From the line with "et 14:00-19:15 |" to the line with "Full Size Platform", retype each line exactly as it stands in the records below, but skip the pictures.

* * * * * * *

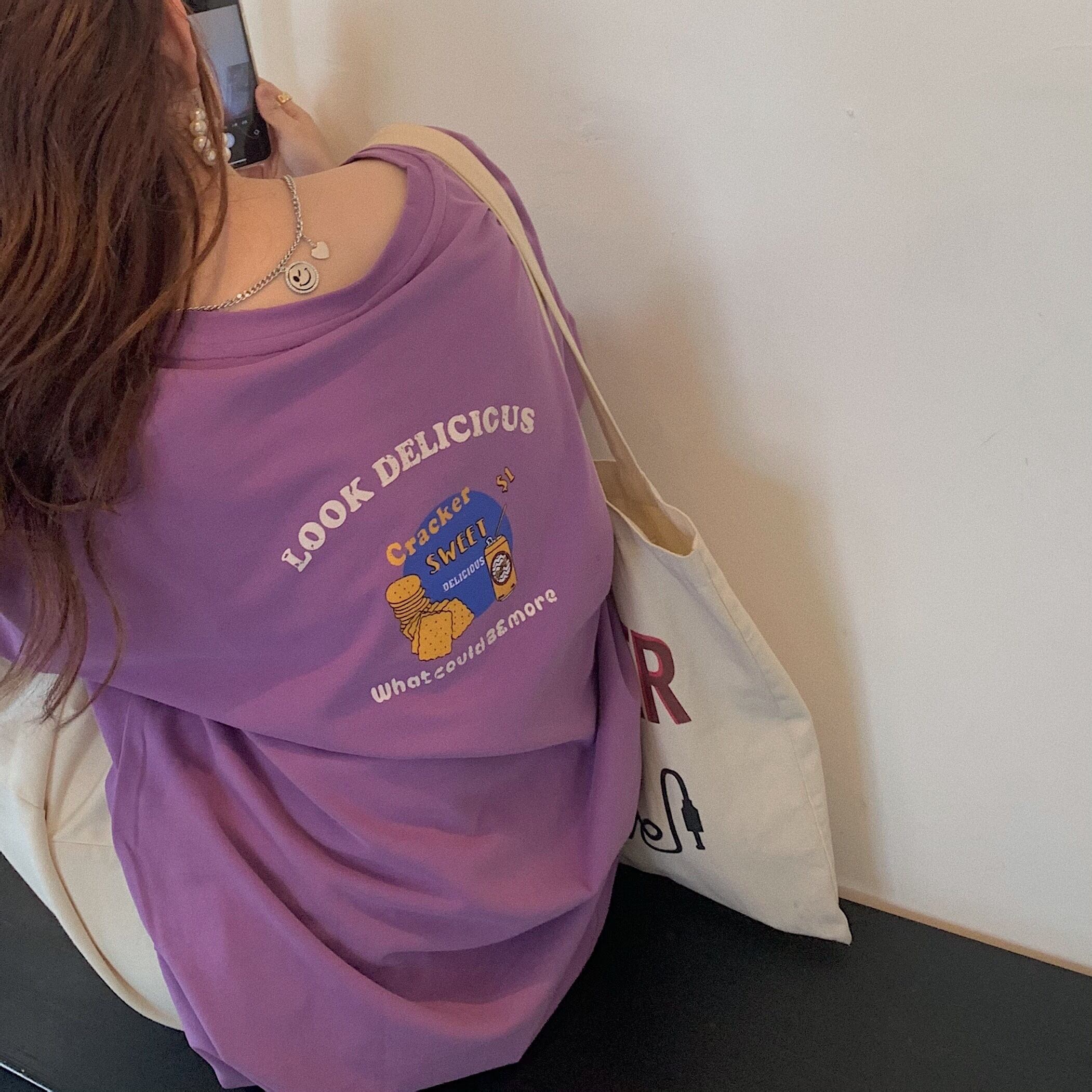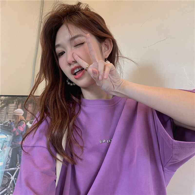 Tシャツ夏服スタイルルーズトップス NEW 夏物 パープル SYJ92828043730
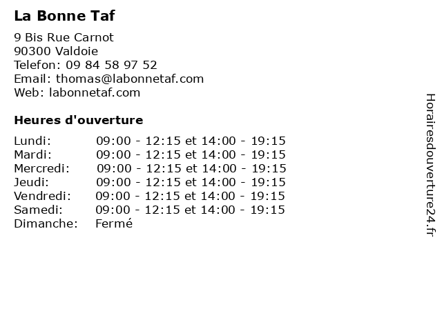 | Mardi | 09:00-12:15 et 14:00-19:15 |
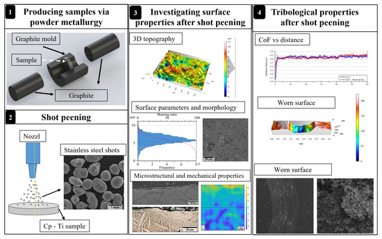 Figure 1 depicts an outline of the present study. Briefly, Cp-Ti samples were manufactured using powder metallurgy and were then shot-peened. Optical profilometry and scanning electron microscopy (SEM) were used to evaluate the surface properties of shot-peened and unpeened samples. Additionally, cross-sectional microstructures and hardness maps of shot-peened samples were examined to reveal the influences of shot peening on microstructural and mechanical properties. Finally, ball-on-disc tests were conducted to determine the tribological properties of shot-peened Cp-Ti samples, and a detailed surface analysis of the worn samples was conducted.
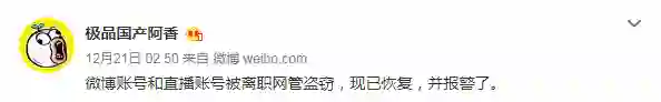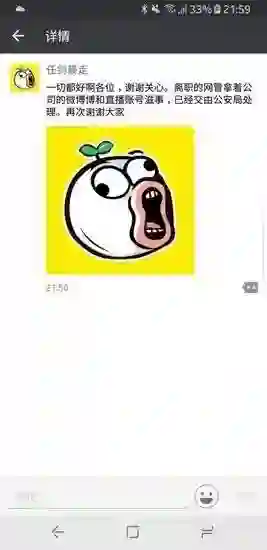 对此,任剑在朋友圈回应称,“一切都好啊各位,谢谢关心。离职的网管拿着公司的微博和直播账号滋事,已经交由公安局处理。”
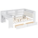 Full Size Platform Bed With Storage Shelves, Drawers, Charging Station, LED, Desk And Upholstered Headboard - Beige / White
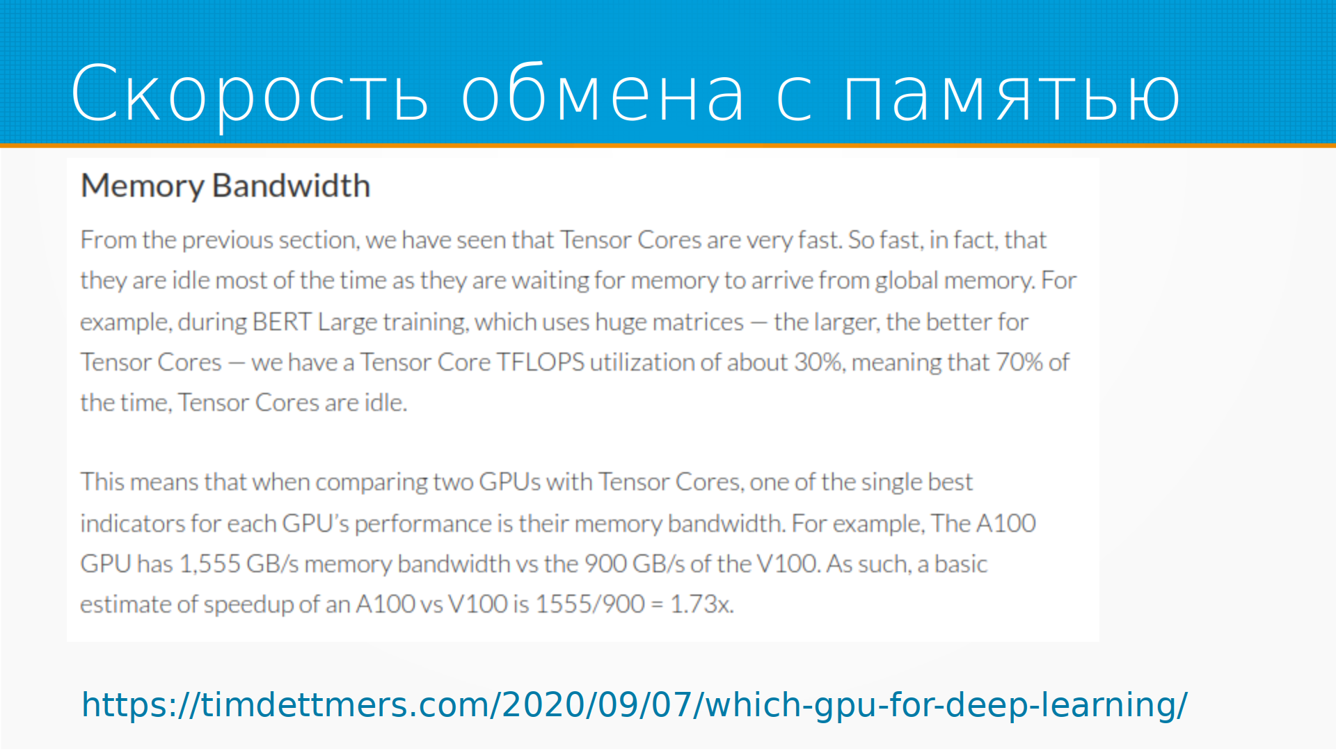 Вот в частности цитата. Ребята использовали, правда, не CUDA-ядра, а так называемые Tensor Cores. Они очень быстрые, и у них не получалось загрузить их больше, чем на 30%. То есть все упиралось в производительность памяти.

* * * * * * *

> [RESPONSE BELOW]
 | Mardi | 09:00-12:15 et 14:00-19:15 |
 Figure 1 depicts an outline of the present study. Briefly, Cp-Ti samples were manufactured using powder metallurgy and were then shot-peened. Optical profilometry and scanning electron microscopy (SEM) were used to evaluate the surface properties of shot-peened and unpeened samples. Additionally, cross-sectional microstructures and hardness maps of shot-peened samples were examined to reveal the influences of shot peening on microstructural and mechanical properties. Finally, ball-on-disc tests were conducted to determine the tribological properties of shot-peened Cp-Ti samples, and a detailed surface analysis of the worn samples was conducted.
 对此,任剑在朋友圈回应称,“一切都好啊各位,谢谢关心。离职的网管拿着公司的微博和直播账号滋事,已经交由公安局处理。”
 Full Size Platform Bed With Storage Shelves, Drawers, Charging Station, LED, Desk And Upholstered Headboard - Beige / White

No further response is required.